The second season of the American television series Hannibal premiered on February 28, 2014. The season is produced by Dino de Laurentiis Company, Living Dead Guy Productions, AXN Original Productions, and Gaumont International Television, with Sidonie Dumas, Christophe Riandee, Katie O'Connell, Elisa Roth, David Slade, Chris Brancato, Michael Rymer, Steve Lightfoot, Martha De Laurentiis, and Bryan Fuller serving as executive producers. Fuller serves as the series developer and showrunner, writing or co-writing eleven episodes of the season. 
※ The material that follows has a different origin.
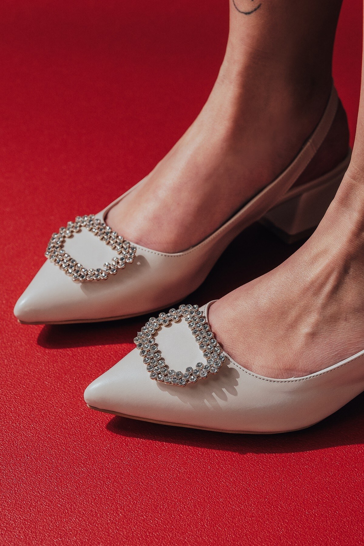 Kadın Silver Taş Kısa Topuklu Ayakkabı Yessi Bej
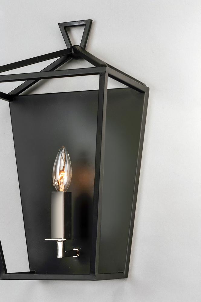Open air frames finished in Black with Polished Nickel accents makes a simplistic yet dramatic statement for any interior design. Larger scale pieces fill up space without breaking the budget.

The season was ordered in May 2013. The season stars Hugh Dancy, Mads Mikkelsen, Caroline Dhavernas, Hettienne Park, and Laurence Fishburne, with Scott Thompson and Aaron Abrams receiving "also starring" status. The series is based on characters and elements appearing in Thomas Harris' novels Red Dragon (1981), Hannibal (1999), and Hannibal Rising (2006) and focuses on the relationship between FBI special investigator Will Graham and Dr. Hannibal Lecter, a forensic psychiatrist that is secretly a cannibalistic serial killer. The episodes of the season are named after the different elements of Japanese haute cuisine.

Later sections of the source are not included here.